Message ID | 20191108130123.6839-5-linux@rasmusvillemoes.dk (mailing list archive) |
---|---|
State | New, archived |
Headers | show |
Series | QUICC Engine support on ARM and ARM64 | expand |
On Fri, Nov 8, 2019 at 7:03 AM Rasmus Villemoes <linux@rasmusvillemoes.dk> wrote: > > The QUICC engine drivers use the powerpc-specific out_be32() etc. In > order to allow those drivers to build for other architectures, those > must be replaced by iowrite32be(). However, on powerpc, out_be32() is > a simple inline function while iowrite32be() is out-of-line. So in > order not to introduce a performance regression on powerpc when making > the drivers work on other architectures, introduce qe_io* helpers. Isn't it also true that iowrite32be() assumes a little-endian platform and always does a byte swap?

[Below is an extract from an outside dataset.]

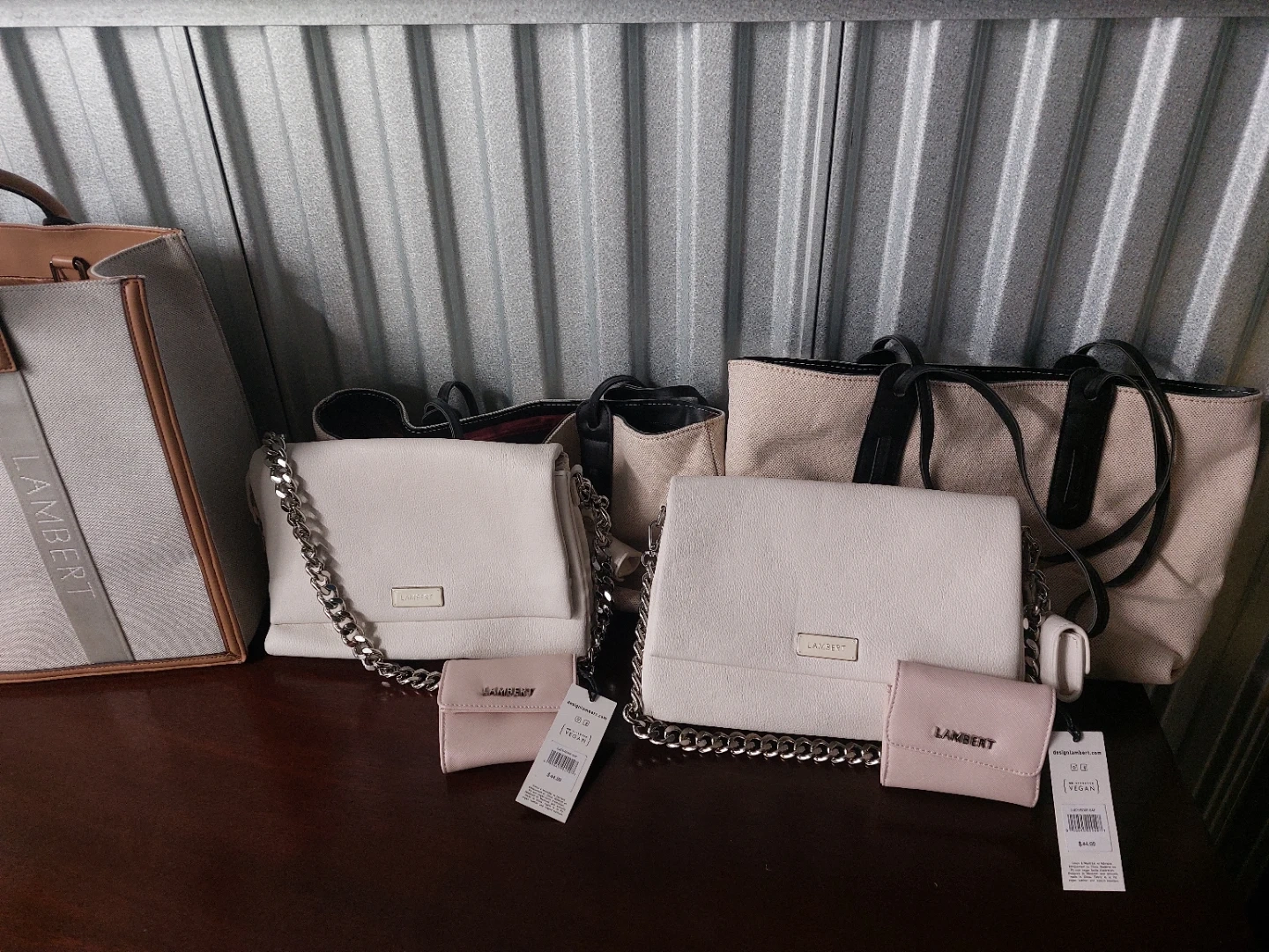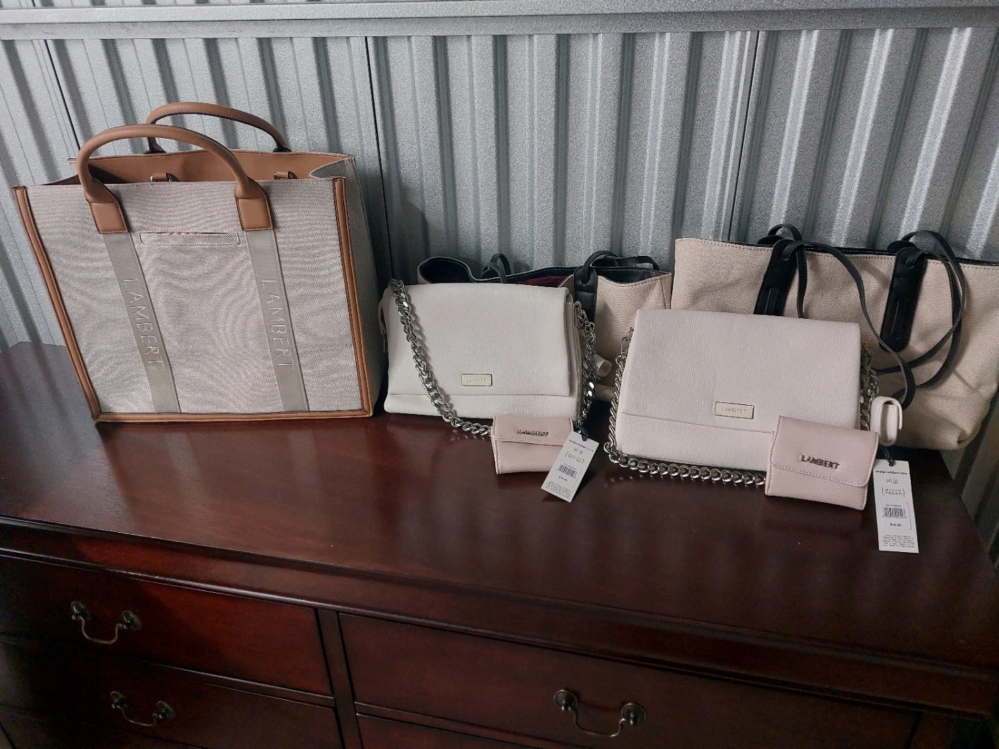 This Lambert tote bag is a stylish and practical accessory. It's made from durable canvas with vegan leather trim. Includes a matching wallet for your essentials. Perfect for everyday use! IF SOMEONE WANTS ALL IN THE PICTURES I CAN DO GOOD DEAL IF ONE PERSON TAKE ALL $120 OR TAKE OFFER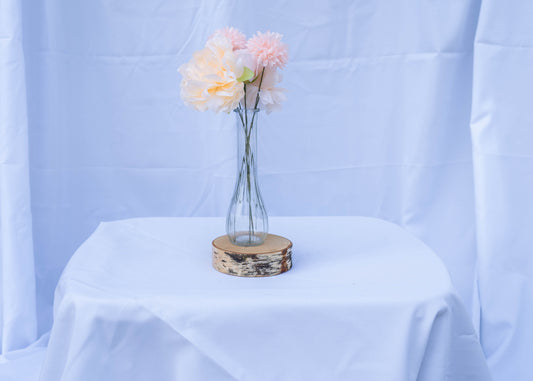 Burgendy and White Mix Rose Centerpiece with large wood slices

On 12/11/2019 06.17, Timur Tabi wrote: > On Fri, Nov 8, 2019 at 7:03 AM Rasmus Villemoes > <linux@rasmusvillemoes.dk> wrote: >> >> The QUICC engine drivers use the powerpc-specific out_be32() etc. In >> order to allow those drivers to build for other architectures, those >> must be replaced by iowrite32be(). However, on powerpc, out_be32() is >> a simple inline function while iowrite32be() is out-of-line. So in >> order not to introduce a performance regression on powerpc when making >> the drivers work on other architectures, introduce qe_io* helpers. > > Isn't it also true that iowrite32be() assumes a little-endian platform > and always does a byte swap? > No. You're probably thinking of the implementation in lib/iomap.c where one has #define mmio_read32be(addr) swab32(readl(addr)) unsigned int ioread32be(void __iomem *addr) { IO_COND(addr, return pio_read32be(port), return mmio_read32be(addr)); return 0xffffffff; } #define mmio_write32be(val,port) writel(swab32(val),port) void iowrite32be(u32 val, void __iomem *addr) { IO_COND(addr, pio_write32be(val,port), mmio_write32be(val, addr)); } but that's because readl and writel by definition work on little-endian registers. I.e., on a BE platform, the readl and writel implementation must themselves contain a swab, so the above would end up doing two swabs on a BE platform. (On PPC, there's a separate definition of mmio_read32be, namely writel_be, which in turn does a out_be32, so on PPC that doesn't actually end up doing two swabs). So ioread32be etc. have well-defined semantics: access a big-endian register and return the result in native endianness.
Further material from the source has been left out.